__How to complete this task__
Pictures excluded, reproduce exactly the lines below from the one with "Representative histological sections." through the one with "This very large", both included.

__Stored data__
◇ ◇ ◇

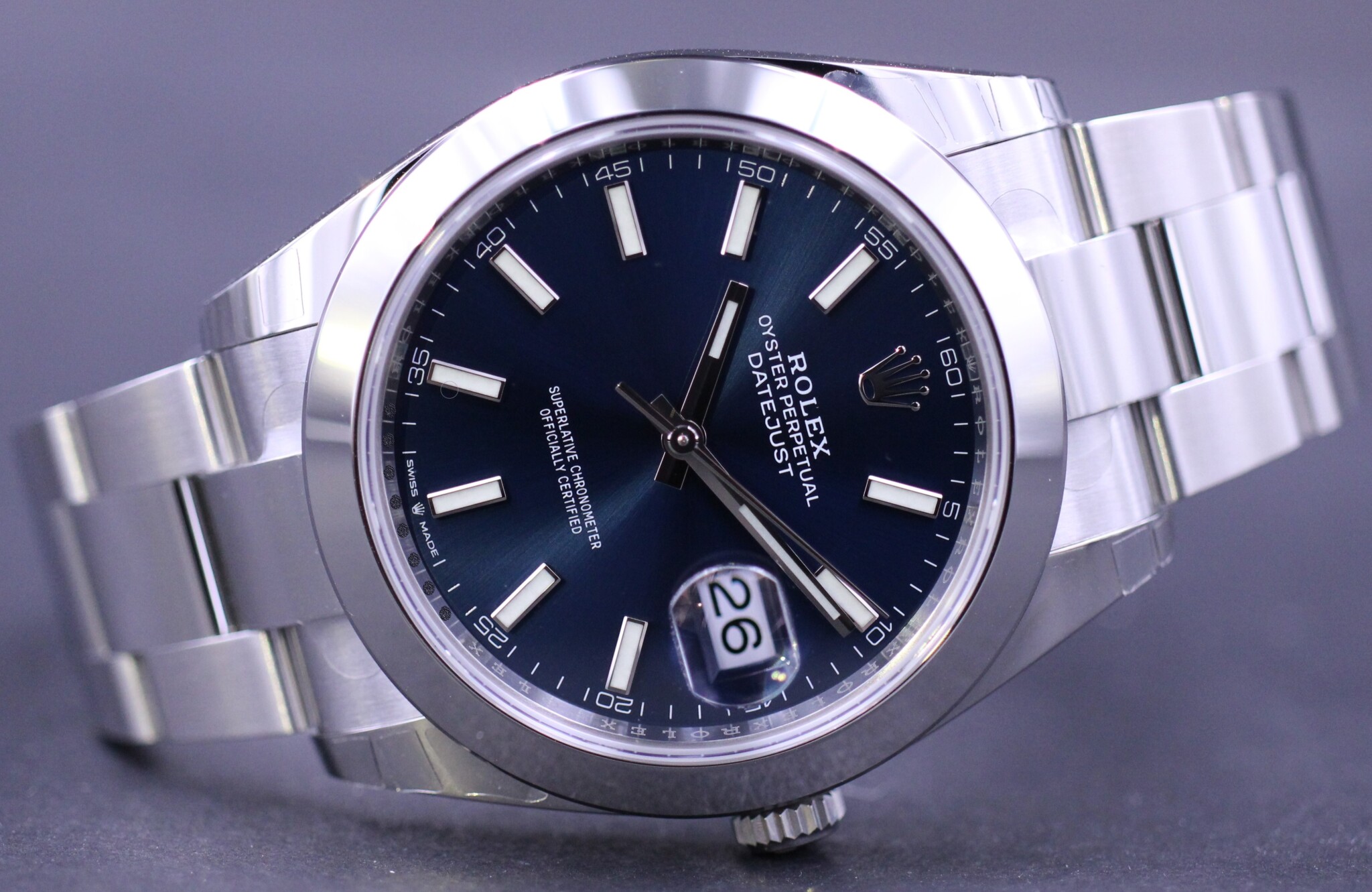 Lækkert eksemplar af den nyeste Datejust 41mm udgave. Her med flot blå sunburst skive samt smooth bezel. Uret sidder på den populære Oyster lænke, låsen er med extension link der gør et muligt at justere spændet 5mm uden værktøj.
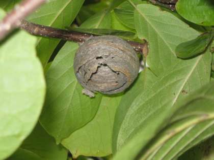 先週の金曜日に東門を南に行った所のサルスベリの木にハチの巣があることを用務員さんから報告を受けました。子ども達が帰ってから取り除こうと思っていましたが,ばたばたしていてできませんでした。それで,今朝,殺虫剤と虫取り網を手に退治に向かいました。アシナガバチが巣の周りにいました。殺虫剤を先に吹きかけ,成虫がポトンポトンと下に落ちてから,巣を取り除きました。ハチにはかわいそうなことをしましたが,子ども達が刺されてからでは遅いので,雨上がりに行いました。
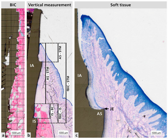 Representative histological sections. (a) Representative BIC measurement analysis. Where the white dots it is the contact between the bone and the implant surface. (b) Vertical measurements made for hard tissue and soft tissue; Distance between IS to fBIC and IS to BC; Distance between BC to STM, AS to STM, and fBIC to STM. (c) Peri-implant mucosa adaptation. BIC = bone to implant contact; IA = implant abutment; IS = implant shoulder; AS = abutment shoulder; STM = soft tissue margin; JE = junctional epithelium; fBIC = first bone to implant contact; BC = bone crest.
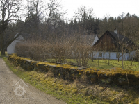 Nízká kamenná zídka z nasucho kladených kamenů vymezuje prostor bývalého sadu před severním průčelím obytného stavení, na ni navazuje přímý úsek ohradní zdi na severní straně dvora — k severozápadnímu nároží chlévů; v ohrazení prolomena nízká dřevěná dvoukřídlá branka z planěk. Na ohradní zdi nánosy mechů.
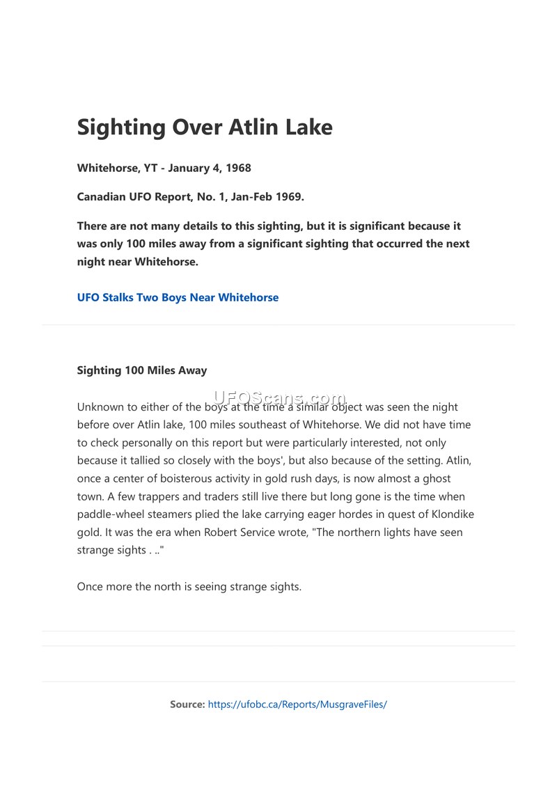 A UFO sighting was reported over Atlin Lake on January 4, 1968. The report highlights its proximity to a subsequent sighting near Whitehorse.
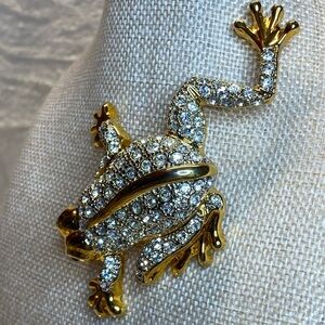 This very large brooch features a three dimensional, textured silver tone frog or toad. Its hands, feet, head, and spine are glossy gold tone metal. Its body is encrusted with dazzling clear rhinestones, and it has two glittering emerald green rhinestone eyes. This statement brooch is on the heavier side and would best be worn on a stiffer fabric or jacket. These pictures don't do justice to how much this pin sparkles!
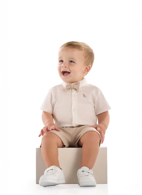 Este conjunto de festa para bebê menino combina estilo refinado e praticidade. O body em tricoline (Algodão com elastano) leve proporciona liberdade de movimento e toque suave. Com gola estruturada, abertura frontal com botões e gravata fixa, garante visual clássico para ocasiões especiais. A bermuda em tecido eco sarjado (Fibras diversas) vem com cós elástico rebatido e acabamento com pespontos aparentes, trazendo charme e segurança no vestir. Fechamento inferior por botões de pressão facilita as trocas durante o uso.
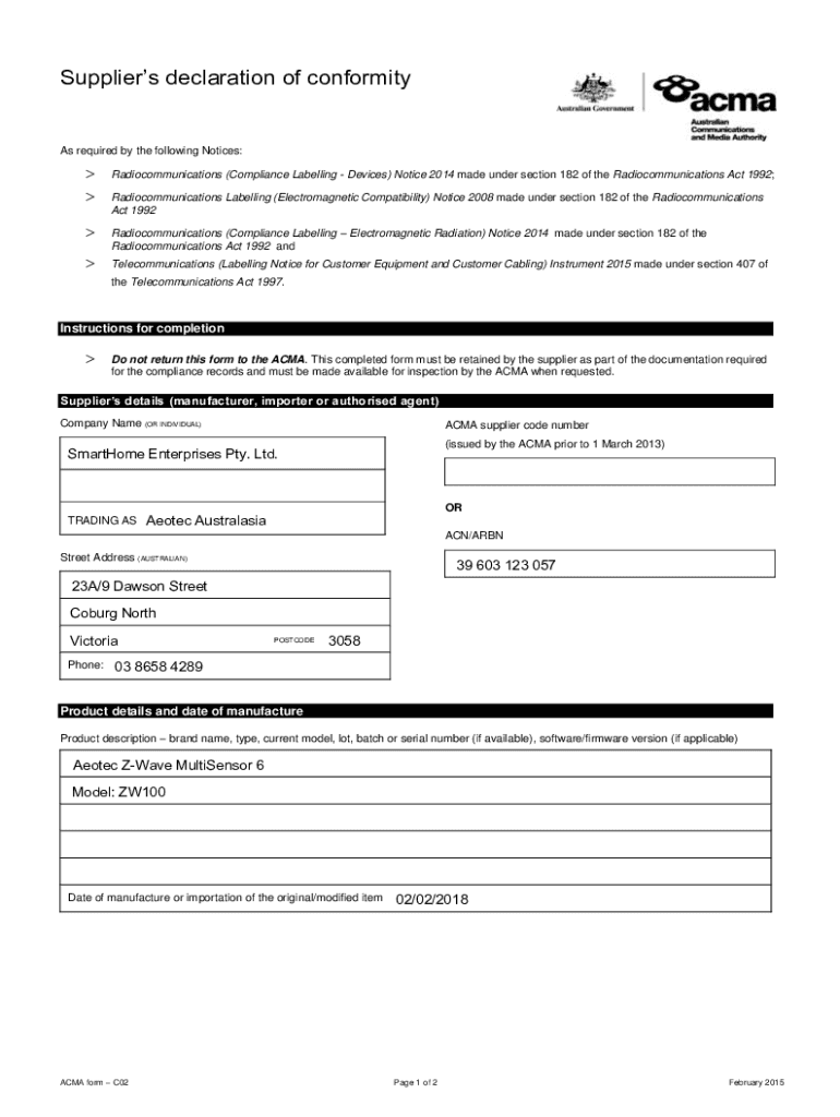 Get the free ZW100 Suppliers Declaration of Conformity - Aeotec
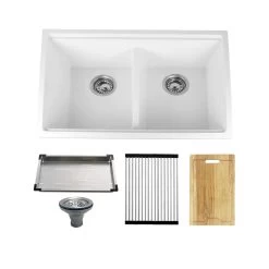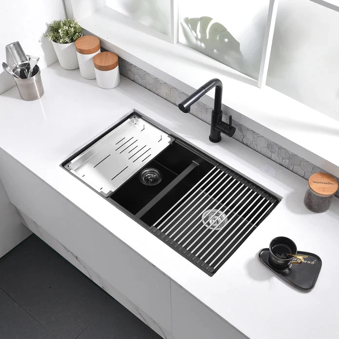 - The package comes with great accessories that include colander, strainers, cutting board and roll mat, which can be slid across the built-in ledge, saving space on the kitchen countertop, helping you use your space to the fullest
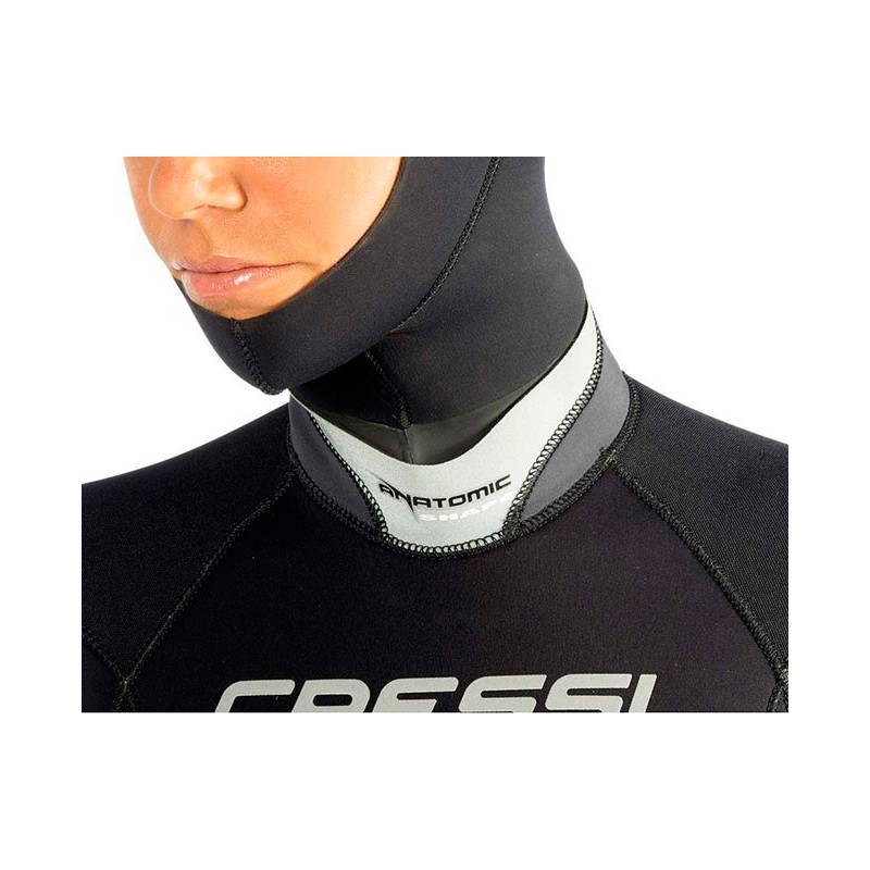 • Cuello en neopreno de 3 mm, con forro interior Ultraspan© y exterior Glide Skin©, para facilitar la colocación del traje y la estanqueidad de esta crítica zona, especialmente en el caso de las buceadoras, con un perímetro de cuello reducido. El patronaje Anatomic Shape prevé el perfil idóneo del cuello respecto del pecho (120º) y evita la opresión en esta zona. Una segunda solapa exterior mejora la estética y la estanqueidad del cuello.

◇ ◇ ◇

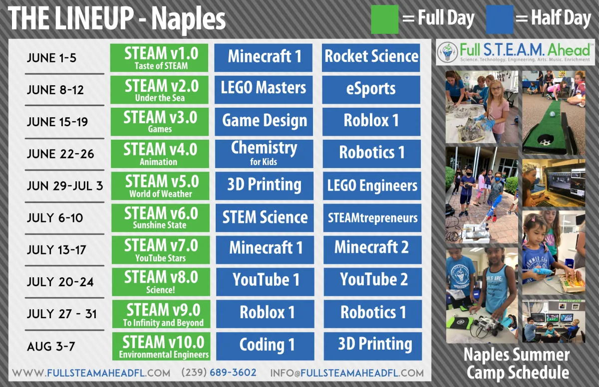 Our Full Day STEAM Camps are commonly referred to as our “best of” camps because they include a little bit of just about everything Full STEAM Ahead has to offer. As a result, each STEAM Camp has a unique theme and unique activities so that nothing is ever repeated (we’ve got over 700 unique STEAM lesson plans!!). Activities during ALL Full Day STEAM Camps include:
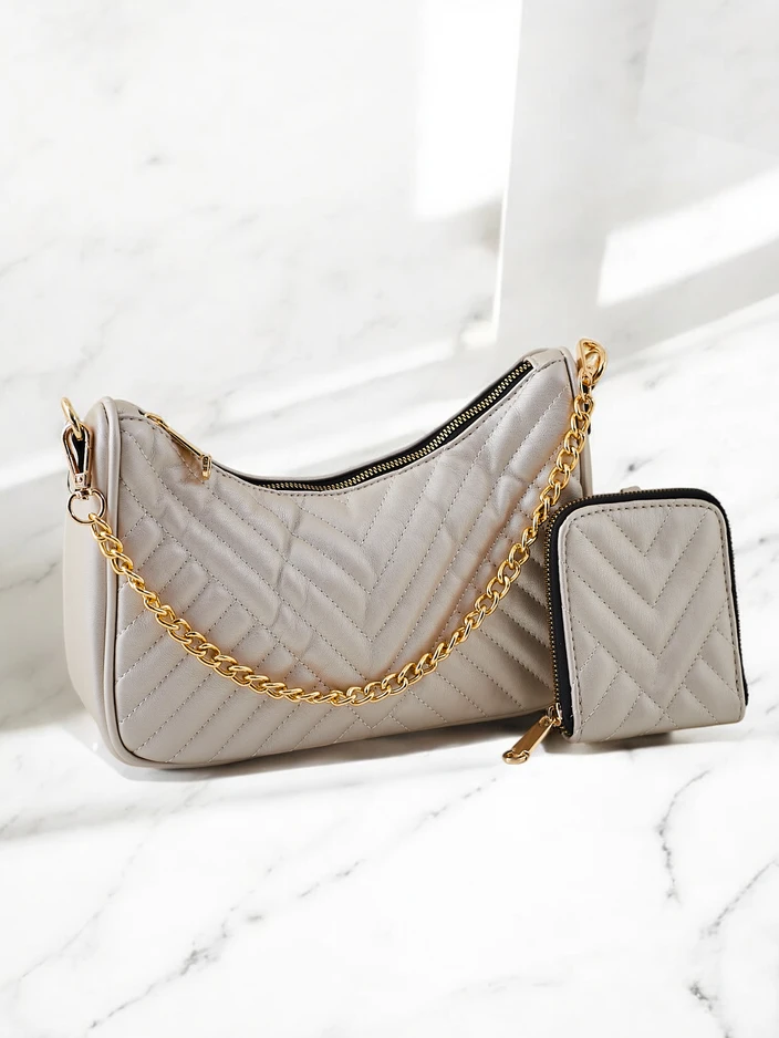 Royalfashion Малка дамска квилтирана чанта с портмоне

◇ ◇ ◇

__Response to this task__
 Representative histological sections. (a) Representative BIC measurement analysis. Where the white dots it is the contact between the bone and the implant surface. (b) Vertical measurements made for hard tissue and soft tissue; Distance between IS to fBIC and IS to BC; Distance between BC to STM, AS to STM, and fBIC to STM. (c) Peri-implant mucosa adaptation. BIC = bone to implant contact; IA = implant abutment; IS = implant shoulder; AS = abutment shoulder; STM = soft tissue margin; JE = junctional epithelium; fBIC = first bone to implant contact; BC = bone crest.
 Nízká kamenná zídka z nasucho kladených kamenů vymezuje prostor bývalého sadu před severním průčelím obytného stavení, na ni navazuje přímý úsek ohradní zdi na severní straně dvora — k severozápadnímu nároží chlévů; v ohrazení prolomena nízká dřevěná dvoukřídlá branka z planěk. Na ohradní zdi nánosy mechů.
 A UFO sighting was reported over Atlin Lake on January 4, 1968. The report highlights its proximity to a subsequent sighting near Whitehorse.
 This very large brooch features a three dimensional, textured silver tone frog or toad. Its hands, feet, head, and spine are glossy gold tone metal. Its body is encrusted with dazzling clear rhinestones, and it has two glittering emerald green rhinestone eyes. This statement brooch is on the heavier side and would best be worn on a stiffer fabric or jacket. These pictures don't do justice to how much this pin sparkles!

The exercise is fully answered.